▸ **INPUT MATERIAL**
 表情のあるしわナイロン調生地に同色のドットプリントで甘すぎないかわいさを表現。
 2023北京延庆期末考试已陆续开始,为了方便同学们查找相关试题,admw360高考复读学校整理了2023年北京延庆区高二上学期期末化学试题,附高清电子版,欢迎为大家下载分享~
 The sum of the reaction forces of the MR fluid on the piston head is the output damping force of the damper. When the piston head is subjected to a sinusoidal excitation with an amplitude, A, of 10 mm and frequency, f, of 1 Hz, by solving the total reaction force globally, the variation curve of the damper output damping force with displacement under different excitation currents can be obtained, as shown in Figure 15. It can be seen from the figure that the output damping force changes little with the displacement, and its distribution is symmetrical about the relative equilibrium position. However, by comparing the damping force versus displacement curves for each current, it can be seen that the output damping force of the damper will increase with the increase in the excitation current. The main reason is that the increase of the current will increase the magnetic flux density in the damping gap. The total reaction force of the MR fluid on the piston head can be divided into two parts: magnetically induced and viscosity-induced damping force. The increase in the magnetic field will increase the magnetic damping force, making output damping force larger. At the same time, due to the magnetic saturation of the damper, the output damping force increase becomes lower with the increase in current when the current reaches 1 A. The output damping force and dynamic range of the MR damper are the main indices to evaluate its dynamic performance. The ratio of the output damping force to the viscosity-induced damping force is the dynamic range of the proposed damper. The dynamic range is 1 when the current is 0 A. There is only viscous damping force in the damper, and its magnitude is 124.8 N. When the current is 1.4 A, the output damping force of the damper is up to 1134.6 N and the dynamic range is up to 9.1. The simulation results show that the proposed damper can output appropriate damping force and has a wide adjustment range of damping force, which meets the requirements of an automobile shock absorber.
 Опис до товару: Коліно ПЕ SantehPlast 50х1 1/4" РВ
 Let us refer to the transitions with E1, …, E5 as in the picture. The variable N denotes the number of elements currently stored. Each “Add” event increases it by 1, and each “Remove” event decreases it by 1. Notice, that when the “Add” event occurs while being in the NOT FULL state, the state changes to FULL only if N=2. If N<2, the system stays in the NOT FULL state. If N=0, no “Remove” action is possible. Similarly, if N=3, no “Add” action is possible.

▸ **EXERCISE AIM**
Make an exact copy of the data above.

▸ **OUTPUT OF THE TASK**
 表情のあるしわナイロン調生地に同色のドットプリントで甘すぎないかわいさを表現。
 2023北京延庆期末考试已陆续开始,为了方便同学们查找相关试题,admw360高考复读学校整理了2023年北京延庆区高二上学期期末化学试题,附高清电子版,欢迎为大家下载分享~
 The sum of the reaction forces of the MR fluid on the piston head is the output damping force of the damper. When the piston head is subjected to a sinusoidal excitation with an amplitude, A, of 10 mm and frequency, f, of 1 Hz, by solving the total reaction force globally, the variation curve of the damper output damping force with displacement under different excitation currents can be obtained, as shown in Figure 15. It can be seen from the figure that the output damping force changes little with the displacement, and its distribution is symmetrical about the relative equilibrium position. However, by comparing the damping force versus displacement curves for each current, it can be seen that the output damping force of the damper will increase with the increase in the excitation current. The main reason is that the increase of the current will increase the magnetic flux density in the damping gap. The total reaction force of the MR fluid on the piston head can be divided into two parts: magnetically induced and viscosity-induced damping force. The increase in the magnetic field will increase the magnetic damping force, making output damping force larger. At the same time, due to the magnetic saturation of the damper, the output damping force increase becomes lower with the increase in current when the current reaches 1 A. The output damping force and dynamic range of the MR damper are the main indices to evaluate its dynamic performance. The ratio of the output damping force to the viscosity-induced damping force is the dynamic range of the proposed damper. The dynamic range is 1 when the current is 0 A. There is only viscous damping force in the damper, and its magnitude is 124.8 N. When the current is 1.4 A, the output damping force of the damper is up to 1134.6 N and the dynamic range is up to 9.1. The simulation results show that the proposed damper can output appropriate damping force and has a wide adjustment range of damping force, which meets the requirements of an automobile shock absorber.
 Опис до товару: Коліно ПЕ SantehPlast 50х1 1/4" РВ
 Let us refer to the transitions with E1, …, E5 as in the picture. The variable N denotes the number of elements currently stored. Each “Add” event increases it by 1, and each “Remove” event decreases it by 1. Notice, that when the “Add” event occurs while being in the NOT FULL state, the state changes to FULL only if N=2. If N<2, the system stays in the NOT FULL state. If N=0, no “Remove” action is possible. Similarly, if N=3, no “Add” action is possible.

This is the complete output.